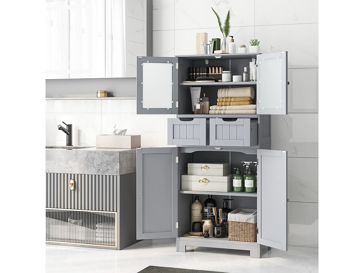 Mobile bagno angolare laccato - 61,5 x 34,5 x 90 cm - con 2 ante + 3 ripiani - MDF - grigio
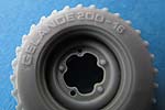 Im Set finden sich 5 Resinteile, das die vier Reifen und einen Ersatzreifen mit Geländeprofil für den Schwimmwagen enthalten.
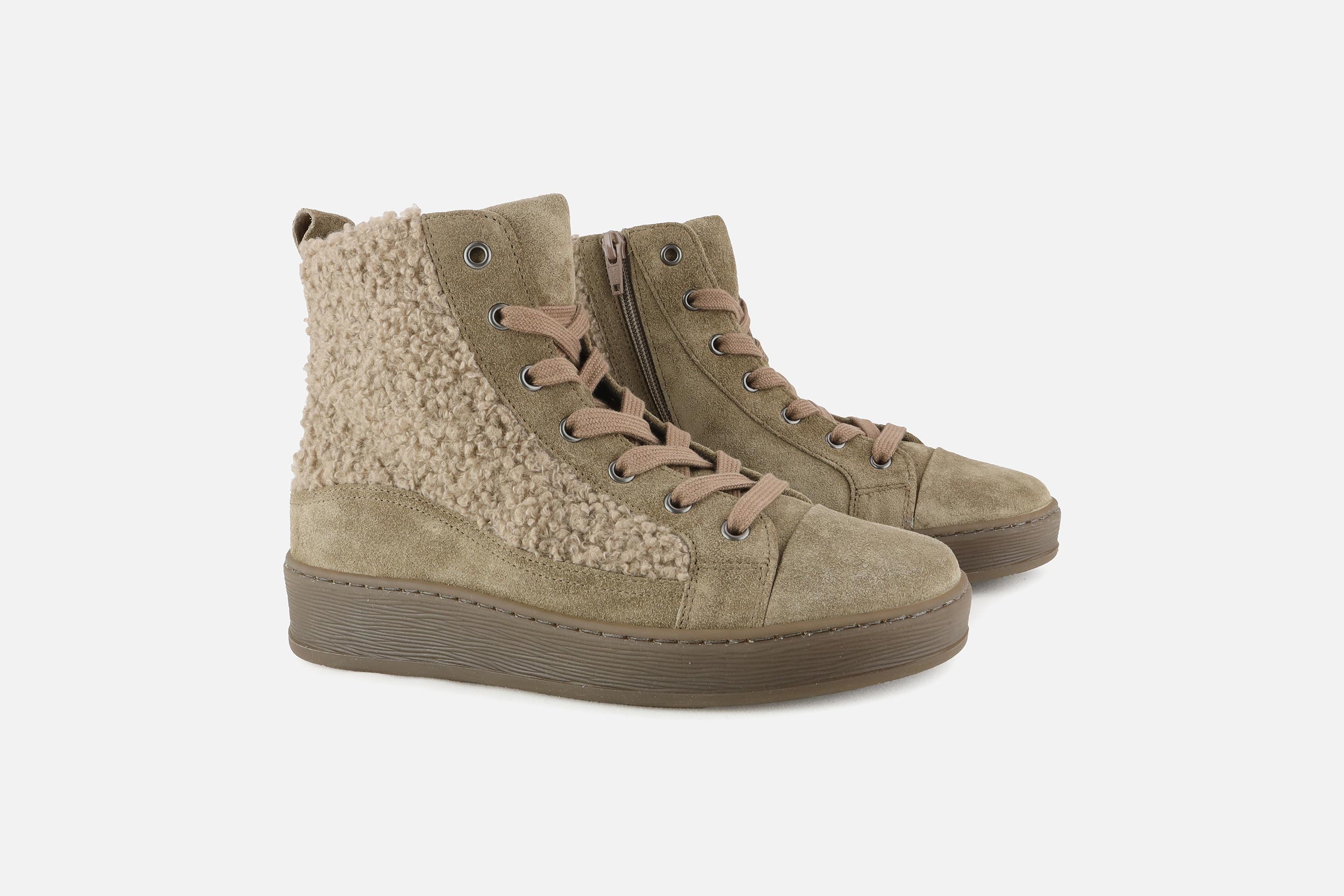 Daim-nubuck (cuir) + peau de mouton synthétique (textile)

### [Task details]
Skip the pictures and restate exactly the lines from the beginning of the listing to the line with "Im Set finden", that line included.

### [Solution to the exercise]
 Mobile bagno angolare laccato - 61,5 x 34,5 x 90 cm - con 2 ante + 3 ripiani - MDF - grigio
 Im Set finden sich 5 Resinteile, das die vier Reifen und einen Ersatzreifen mit Geländeprofil für den Schwimmwagen enthalten.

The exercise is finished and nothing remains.